Microsoft has confirmed that a display bug in the October 2025 servicing wave is incorrectly telling some Windows 10 PCs they’ve “reached the end of support” even when those machines remain entitled to security updates through
Extended Security Updates (ESU) or supported
LTSC channels — and it has pushed a server-side correction plus an enterprise Known Issue Rollback (KIR) to neutralize the misleading banner.
Background / Overview
Windows 10’s mainstream monthly servicing officially ended on
October 14, 2025. That lifecycle milestone meant the last broadly distributed cumulative update for mainstream consumer and most commercial SKUs was released on that date, with Extended Security Updates (ESU) and specific Long-Term Servicing Channel (LTSC) editions providing documented, time‑bound extension paths for customers that need them. Within hours and days of the October cumulative (tracked under
KB5066791, delivering build
19045.6456 for 22H2), some devices began showing a prominent red message in Settings → Windows Update that reads:
“Your version of Windows has reached the end of support.” Critically, that banner appeared not only on unenrolled systems but also on devices that were correctly enrolled in ESU and on LTSC SKUs that remain within their published servicing windows. Microsoft has characterized this as a
display/diagnostic error and not a revocation of ESU or LTSC entitlements.
What happened, in plain terms
The visible problem
- Affected machines show an alarming banner in the Windows Update settings page saying the OS has reached end of support.
- When the banner is present the Settings page may also disable or hide the Check for updates button in some configurations, creating further confusion.
Which devices were reported affected
The issue has been observed primarily in:
- Windows 10, version 22H2 — Pro, Education, and Enterprise editions that are correctly enrolled in ESU and configured with ESU product keys.
- Windows 10 Enterprise LTSC 2021.
- Windows 10 IoT Enterprise LTSC 2021.
What did Microsoft do?
Microsoft deployed a two‑track remediation:
- A server-side (cloud) configuration update intended to clear the incorrect banner automatically for devices that accept dynamic configuration/OneSettings CSP downloads and have normal Windows Update connectivity.
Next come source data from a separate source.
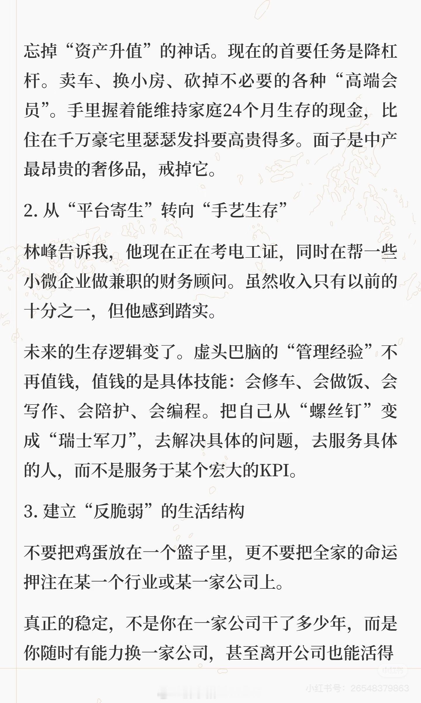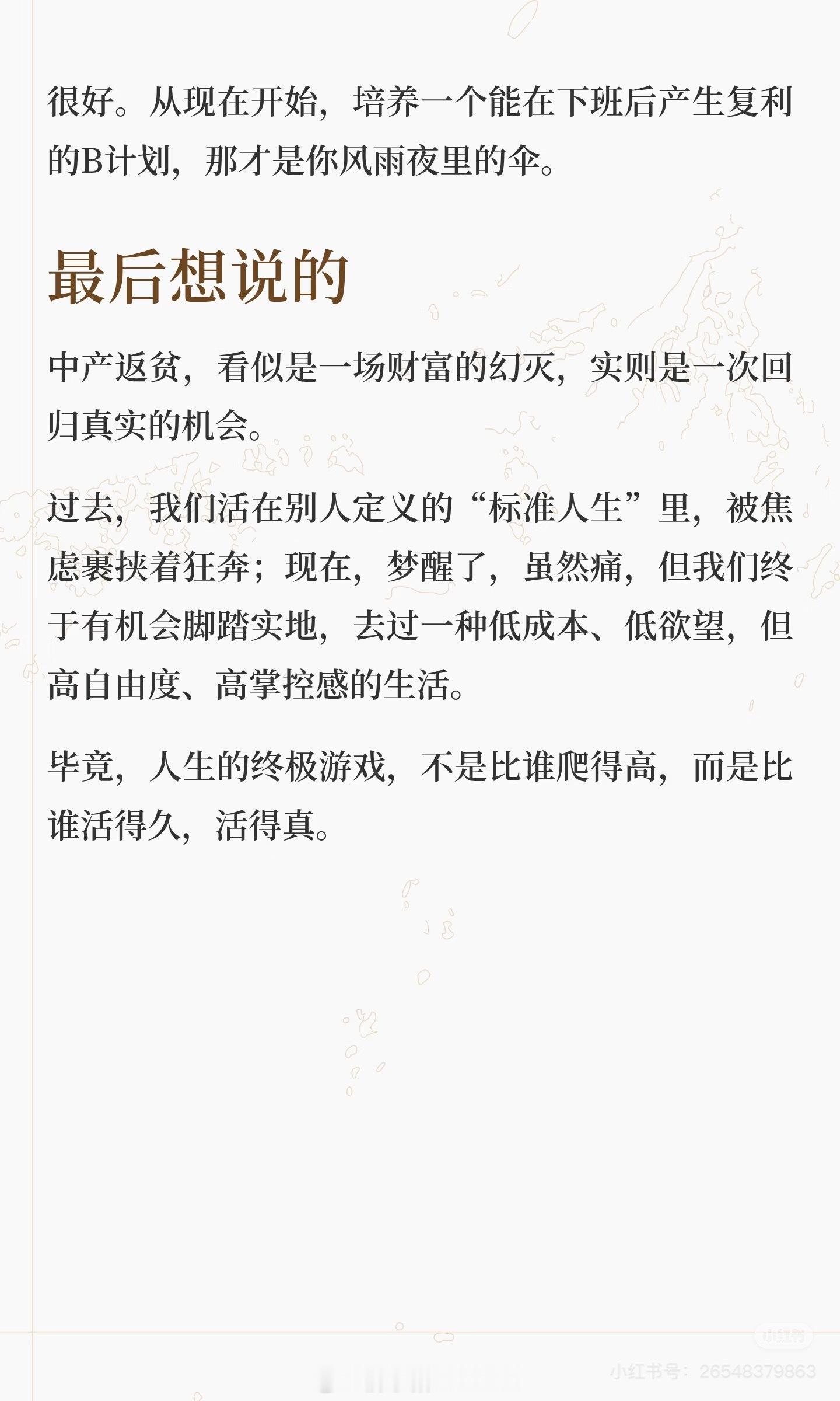 没错,活得久活的真!下班后产生收入的B计划!感谢自己两年前就意识到了不能依靠老公一个人的收入,这风险太大了。这两年,大众点评给了正反馈,本来还想计算一下多少次外餐是点评给的,又因橙V买了多少次的优惠套餐,后来真的有点多了,也懒得算了,生活费就是最好的注解。今年微博也开始发工资了,以前我就觉得别人也写你也写,凭啥别人能赚钱,你不可以,如果你没有把自己定位为说要去做腰部头部,因为你还想做个小透明,那赚点零花钱买菜钱的目标就很容易实现。然后就是再多一份被动收入,今年闲置房装修顺利出租了,每年可以多了近6W的被动收益。还有就是理财,明年算了一下也会有4W的被动收益。有一天真的没了工作了,我们也不会慌,十几年除了12车贷,15盖房装修,17装修,25装修这些特殊年份,年消费一直在15W上下。一直的目标就是被动收入覆盖年消费,但是现在利率已经从6%降到了1.75%。那是有千万现金流才能达成的,而我们没有,所以没什么理由不在主业以外还要考虑B计划,这样生活质量高,开销小,美容护肤,运动健身,娱乐体验,酒吧茶室咖啡馆,特色的餐馆,想想今年那么多免费试就开心。
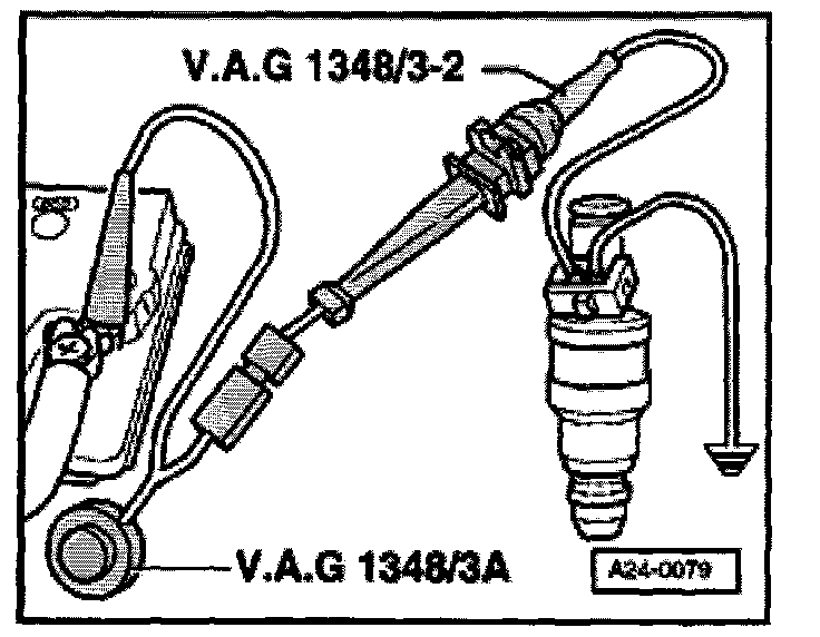 - Connect the second injector contact with auxiliary cable to VAG1348/3 remote control using VAG1348/3-2 adapter cable.
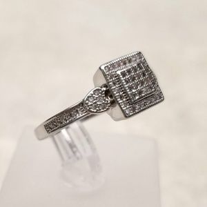 Sterling Square Pave Ring
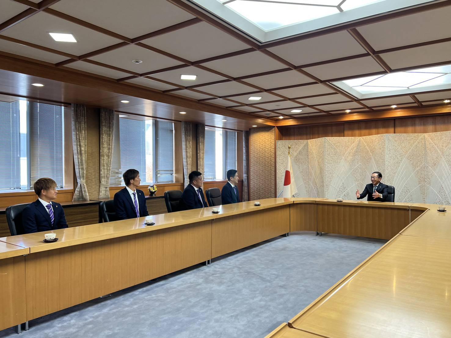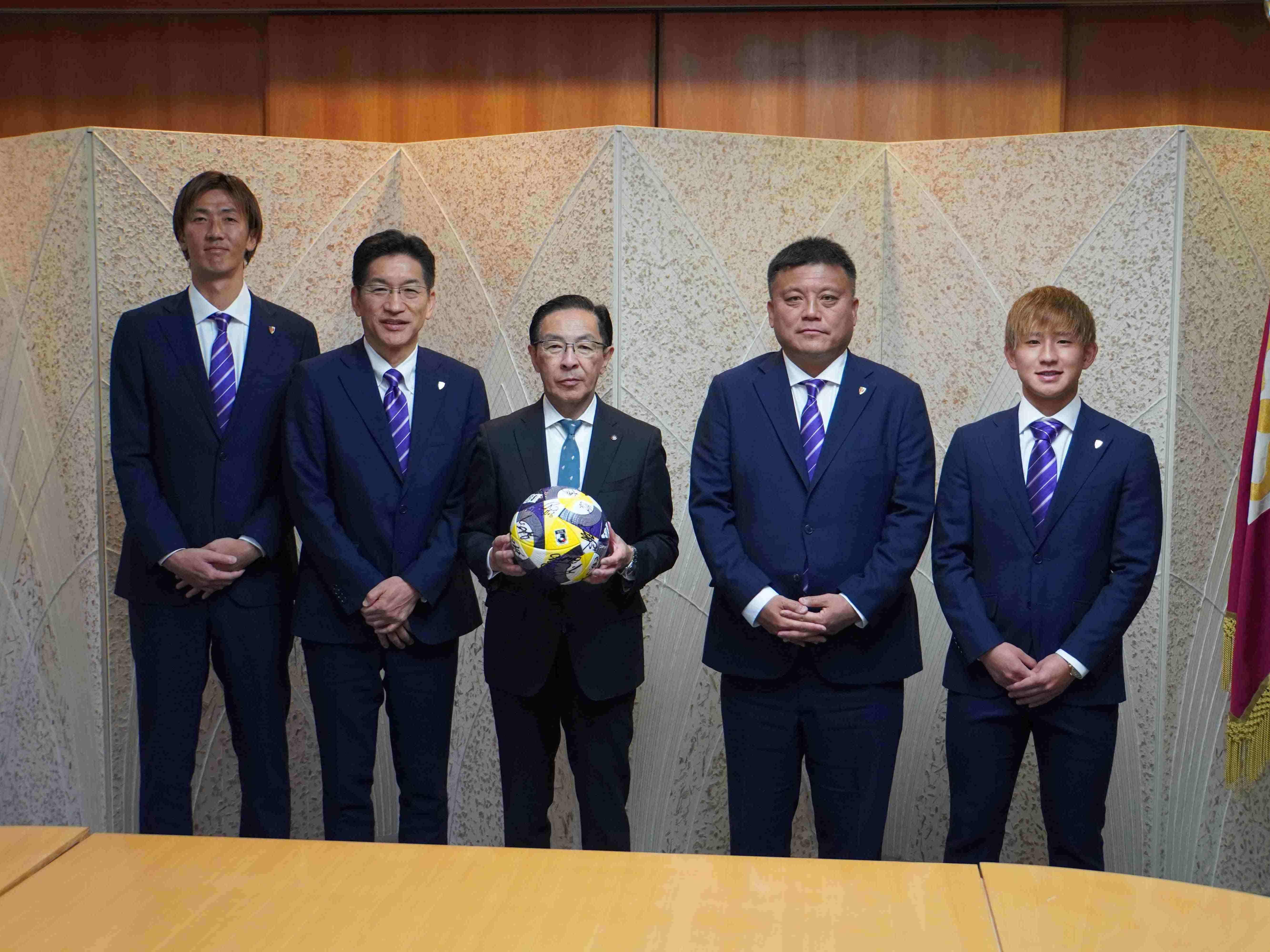 12/10(水)に弊社代表取締役社長の飯野晃と曺貴裁監督そして佐藤響選手と長沢駿選手が京都府庁を、12/8(月)に弊社代表取締役社長の飯野晃と曺貴裁監督そして宮本優太選手と鈴木義宜選手が京都市役所を訪問し、2025シーズン終了の報告と1年間のサポートのお礼を行いました。

- A Known Issue Rollback (KIR) package (an MSI/Group Policy administrative template labeled against KB5066791 — e.g., KB5066791 251020_20401 Known Issue Rollback) that administrators can deploy in locked or air‑gapped environments where the cloud configuration cannot propagate.
Microsoft has emphasized that
security updates are still being delivered to systems that are properly entitled — the banner was cosmetic and misleading rather than a functional cutoff of ESU or LTSC servicing. Multiple vendor and community investigations confirmed that update plumbing and entitlement checks (for example, slmgr.vbs /dlv output for key-based ESU) continued to show valid activation and that cumulative updates were still being installed.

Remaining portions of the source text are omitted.